How to Use Tartar Control Toothpaste

To achieve the best results when brushing with tartar control toothpaste, be sure to brush your teeth for a minimum of two minutes at least twice a day and after meals. After dispensing a strip of toothpaste along your toothbrush, hold your brush at a 45-degree angle toward the gum line and brush with short, gentle strokes in a back-and-forth motion. Keep in mind that the bacteria contributing to plaque coats the tongue, too, so brushing your tongue is important to reduce the amount of oral bacteria in your mouth. To help children keep track of time when brushing, you may want to use a small hourglass or timer.
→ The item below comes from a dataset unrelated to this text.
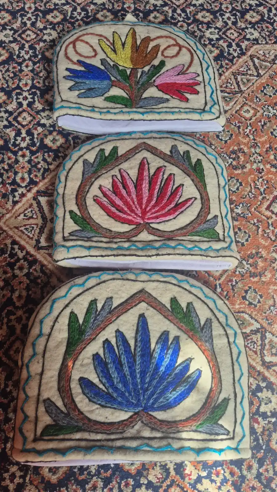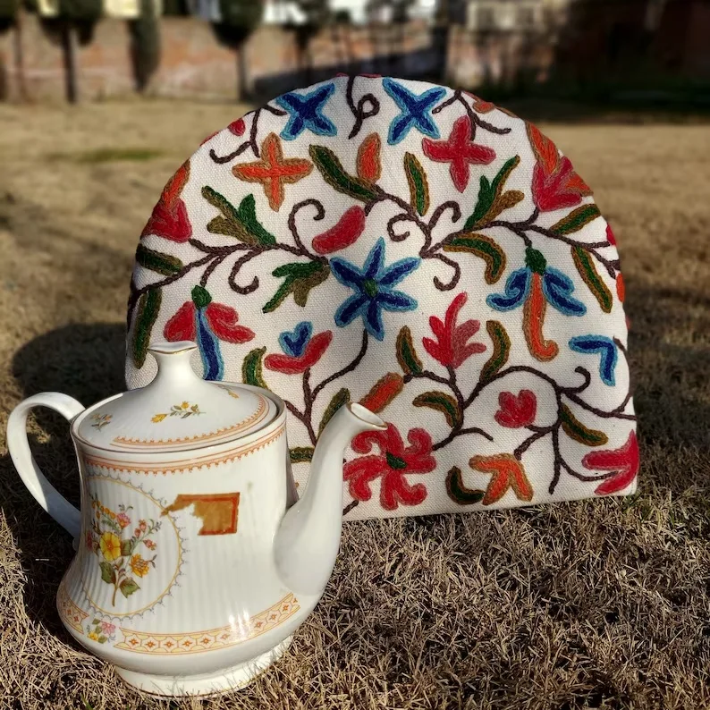 - Crewel Embroidery on Namda: The Namda tea cozy uses thick wool yarn and features the iconic “Aari” work with vibrant floral and paisley motifs.
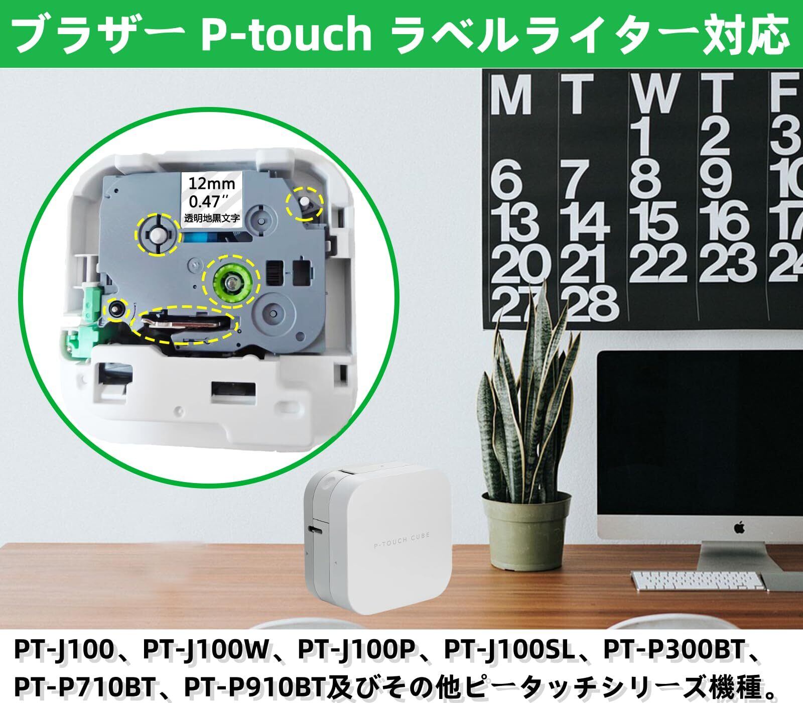【ブラザーp-touchラベルプリンターに対応】PT-J100、PT-J100W、PT-J100P、PT-J100SL、PT-P300BT、PT-P710BT、PT-P910BT、PT-170、PT-160、PT-120、PT-180、PT-250BG、PT-250BY、PT-2500PC、PT-1500PC、PT-PC、PT-240、PT-24、PT-9500PC、PT-9300PC、PT-9200PC、PT-D210、PT-190、PT-12、PT-18N、PT-18R、PT-D600、PT-2730、PT-P700、PT-P750W、PT-2430PC、PT-P900W、PT-P900W、PT-9700PC、PT-9800PCN及びその他ピータッチシリーズ機種。

By choosing the best toothpaste for your needs and committing to proper oral hygiene habits, you can truly protect your family's oral health. Remember to schedule routine dental cleanings and checkups for every six months.

This article is intended to promote understanding of and knowledge about general oral health topics. It is not intended to be a substitute for professional advice, diagnosis or treatment. Always seek the advice of your dentist or other qualified healthcare provider with any questions you may have regarding a medical condition or treatment.